■ EXERCISE ■
What is needed is an exact reproduction of the lines from the one that contains "Karyawan menghitung uang" through the end of the data, both included and nothing else, with pictures omitted.

■ LISTED RECORDS ■
━━━━━━━━━━━━━━━━━━━━━━━━━━━━━━

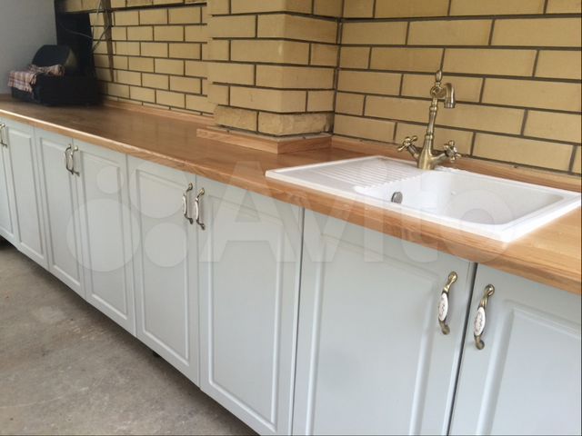 belaya kuhnya s derevyannoj stoleshnicej
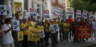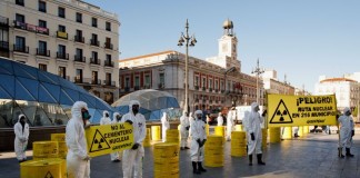 Activistas de Greenpeace llevan bidones “radiactivos” a la Puerta del Sol...
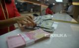 Karyawan menghitung uang rupiah dan dolar AS di salah satu gerai penukaran mata uang asing di Jakarta, Kamis (29/9/2022). Nilai tukar rupiah terhadap dolar Amerika Serikat (AS) ditutup menguat pada penutupan perdagangan Kamis (29/9/2022) sebesar 4 poin atau 0,03 persen ke level Rp15.262,50 per dolar AS. Prayogi/Republika. (FOTO : Prayogi/Republika.)
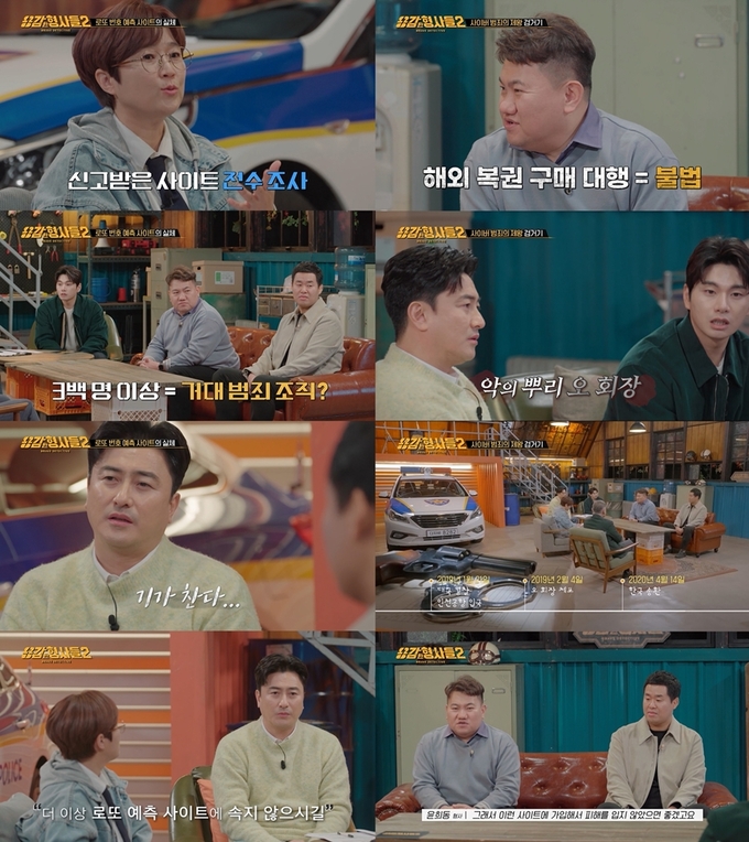 이들이 소개한 첫 번째 에피소드는 ‘용감한 형사들’ 역사상 가장 많은 피해자를 만든 사건이었다. 2022년 4월, 복권업체 직원이 윤희동 형사에게 로또 당첨 사실을 조작하고 거짓 광고를 통해 돈을 버는 로또번호 예측 사이트를 수사해달라고 의뢰했다. 실제 사이트에는 1등 당첨번호 인증과 후기, 거래내역서 등이 가득했다. 이를 보고 회원가입을 하는 순간 빠져나갈 수 없는 덫에 갇히게 되는 것.
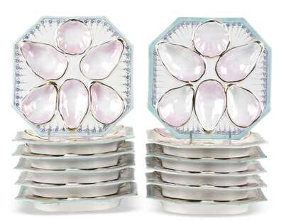 A set of twelve porcelain oyster plates french, 19th century
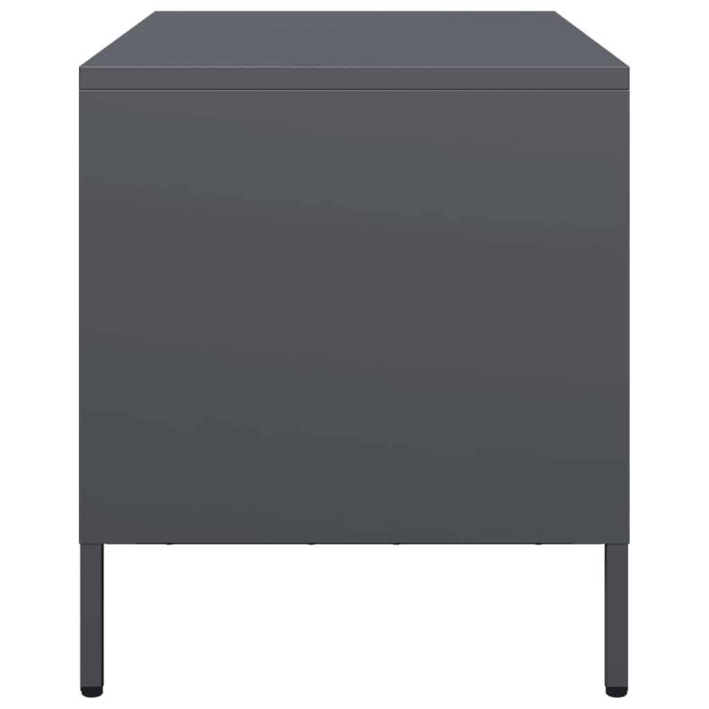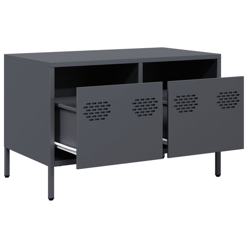 Dieser robuste TV-Schrank im Industrie-Stil ist eine zeitlose Ergänzung zu deinem Schlafzimmer oder Wohnzimmer. Stabiles Material: Das Gestell des TV-Schranks besteht aus kaltgewalztem Stahl. Dies ist eine Art kohlenstoffarmer Stahl, der im „Kaltwalzverfahren“ hergestellt und bei nahezu normalen Raumtemperaturen verarbeitet wird. Kaltgewalzter Stahl besitzt eine glattere Oberfläche, eine höhere Festigkeit und lässt sich präziser verarbeiten.Viel Stauraum: Der Schrank ist mit 2 Schubladen versehen und bietet dadurch viel Platz, um verschiedene Alltagssachen gut organisiert und in Reichweite aufzubewahren.Verstellbare Stellfüße: Dieses TV-Möbel ist mit vier Stellfüßen ausgestattet, um Bodenunebenheiten auszugleichen und Stabilität und Gleichgewicht zu gewährleisten.Einfache Reinigung: Der Schrank aus Metall ist mit einem feuchten Tuch leicht zu reinigen und erfordert wenig Pflege.
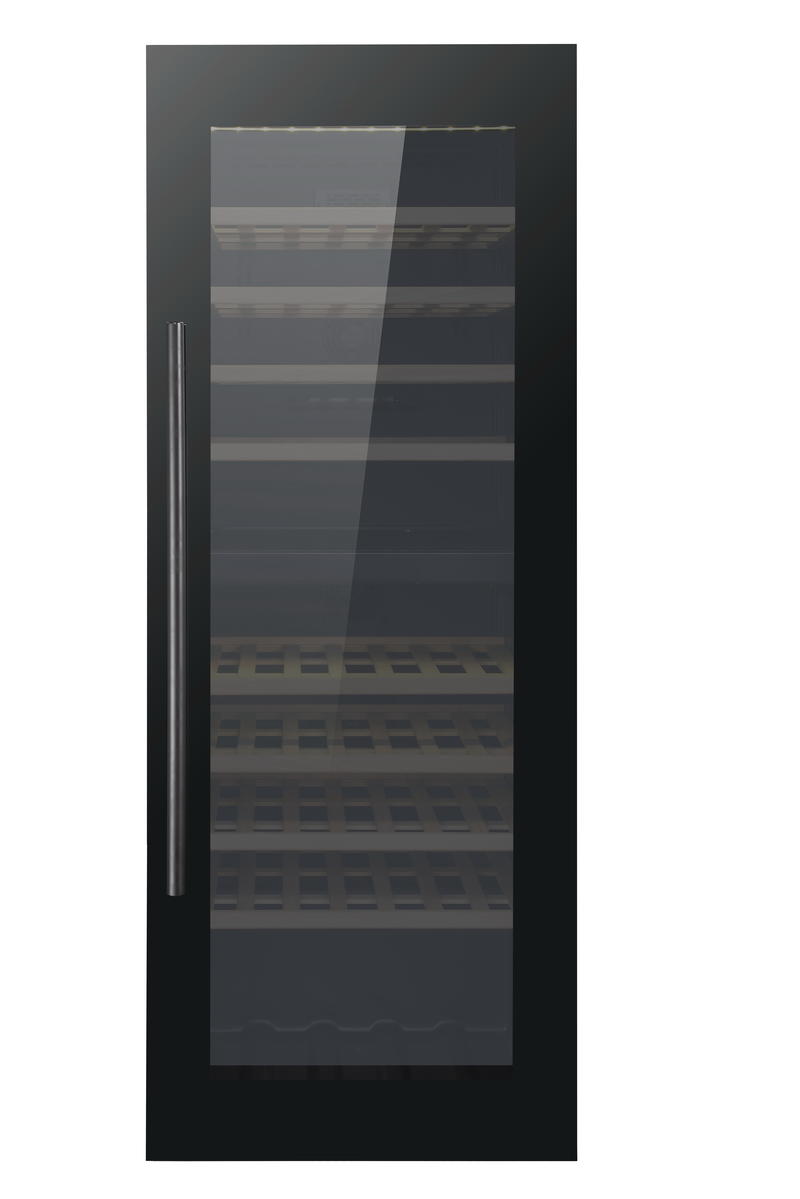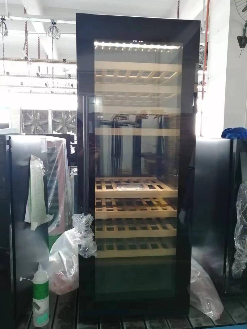 Бесшовная дверная рама из нержавеющей стали, с тройным стеклопакетом;Восемь (8) полок из букового дерева, выдвижные; Двери с замком; Система циркуляции воздуха с угольным фильтром;Контроллер сенсорной панели со светодиодным дисплеем, с сине-белым светодиодным индикатором; Холодный воздух нагнетается при помощи вентиляторов;Хладагент: R600a
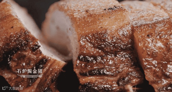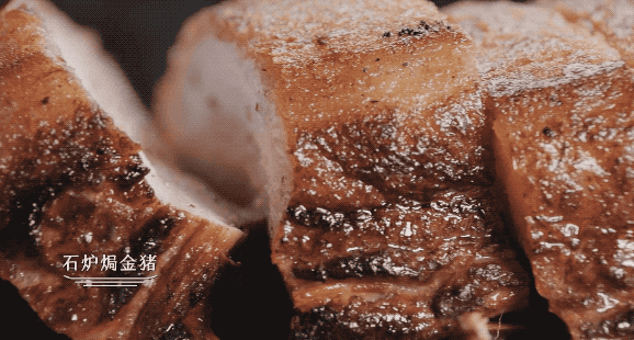 肥瘦黄金搭配,肉汁充分保留,猪皮变成迷人的焦糖色,入口爆香酥脆。

━━━━━━━━━━━━━━━━━━━━━━━━━━━━━━

■ SOLUTION FOR THIS PROBLEM ■
 Karyawan menghitung uang rupiah dan dolar AS di salah satu gerai penukaran mata uang asing di Jakarta, Kamis (29/9/2022). Nilai tukar rupiah terhadap dolar Amerika Serikat (AS) ditutup menguat pada penutupan perdagangan Kamis (29/9/2022) sebesar 4 poin atau 0,03 persen ke level Rp15.262,50 per dolar AS. Prayogi/Republika. (FOTO : Prayogi/Republika.)
 이들이 소개한 첫 번째 에피소드는 ‘용감한 형사들’ 역사상 가장 많은 피해자를 만든 사건이었다. 2022년 4월, 복권업체 직원이 윤희동 형사에게 로또 당첨 사실을 조작하고 거짓 광고를 통해 돈을 버는 로또번호 예측 사이트를 수사해달라고 의뢰했다. 실제 사이트에는 1등 당첨번호 인증과 후기, 거래내역서 등이 가득했다. 이를 보고 회원가입을 하는 순간 빠져나갈 수 없는 덫에 갇히게 되는 것.
 A set of twelve porcelain oyster plates french, 19th century
 Dieser robuste TV-Schrank im Industrie-Stil ist eine zeitlose Ergänzung zu deinem Schlafzimmer oder Wohnzimmer. Stabiles Material: Das Gestell des TV-Schranks besteht aus kaltgewalztem Stahl. Dies ist eine Art kohlenstoffarmer Stahl, der im „Kaltwalzverfahren“ hergestellt und bei nahezu normalen Raumtemperaturen verarbeitet wird. Kaltgewalzter Stahl besitzt eine glattere Oberfläche, eine höhere Festigkeit und lässt sich präziser verarbeiten.Viel Stauraum: Der Schrank ist mit 2 Schubladen versehen und bietet dadurch viel Platz, um verschiedene Alltagssachen gut organisiert und in Reichweite aufzubewahren.Verstellbare Stellfüße: Dieses TV-Möbel ist mit vier Stellfüßen ausgestattet, um Bodenunebenheiten auszugleichen und Stabilität und Gleichgewicht zu gewährleisten.Einfache Reinigung: Der Schrank aus Metall ist mit einem feuchten Tuch leicht zu reinigen und erfordert wenig Pflege.
 Бесшовная дверная рама из нержавеющей стали, с тройным стеклопакетом;Восемь (8) полок из букового дерева, выдвижные; Двери с замком; Система циркуляции воздуха с угольным фильтром;Контроллер сенсорной панели со светодиодным дисплеем, с сине-белым светодиодным индикатором; Холодный воздух нагнетается при помощи вентиляторов;Хладагент: R600a
 肥瘦黄金搭配,肉汁充分保留,猪皮变成迷人的焦糖色,入口爆香酥脆。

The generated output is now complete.